My step mom sent this to me yesterday, her and dad live in scipio and dad was born and raised there. I don't know the guy but apparently he is a local from around the area. This cat was supposedly taken from up in the Robins valley area above Maple Grove somewhere. Atleast thats the story I got.


----------



## Chaser (Sep 28, 2007)

The leprechaun got his kitty! What I'm wondering is how he got toy sized hounds to hunt with! 
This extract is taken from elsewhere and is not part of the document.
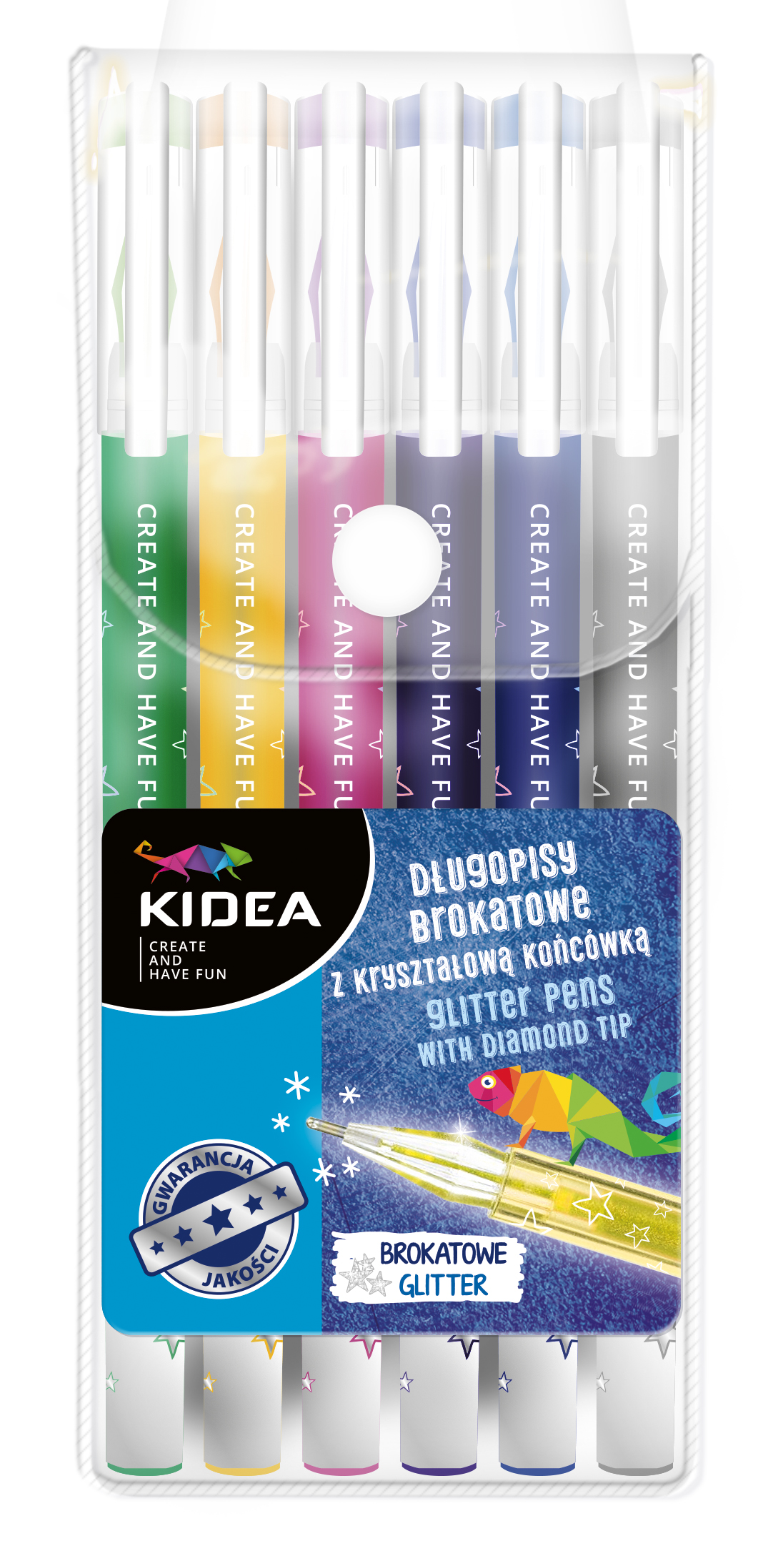 Brokatowe długopisy żelowe, wyróżniają się swoim finezyjnym wyglądem. Końcówka w kształcie kryształu i diamencik w obudowie zachwycą każdą dziewczynkę. Długopisy idealnie sprawdzą się do wyróżnienia tekstów oraz przygotowania ważnych notatek.

If that pic is real, that is a BIG cat!


----------



## duckaddict (Dec 31, 2007)

I think I would like to throw the flag on that one.


----------



## 801hunter (Feb 27, 2011)

just talked to a guy i knew apparently the cat is up in cache valley taxiderist as we speak! his brother in law didnt believe it until he went up and saw it. thats a big kitty


----------



## Al Hansen (Sep 7, 2007)

Thats a fat cat.


----------



## Huge29 (Sep 17, 2007)

Chaser said:


> If that pic is real, that is a BIG cat!


+1 Looks too big to be real _(O)_


----------



## Critter (Mar 20, 2010)

While it is a big cat it is always interesting to see just how big any animal can grow by using different camera angles.


----------



## SkullDesigns (Jul 13, 2010)

On another site, they say this cat was a Alberta one


----------



## justuspr (Mar 3, 2009)

Look how big the dogs on the left are compared to the ones on the right. The pic is fake.


----------



## huntress (Sep 10, 2007)

" AS FAKE AS MY SISTER IN-LAWS BOOBS"


----------



## duneman101 (Nov 6, 2009)

huntress said:


> " AS FAKE AS MY SISTER IN-LAWS BOOBS"


In order to get away with an accusation like that, you are going to have to submit picture evidence to an expert such as myself to validate the claim.


----------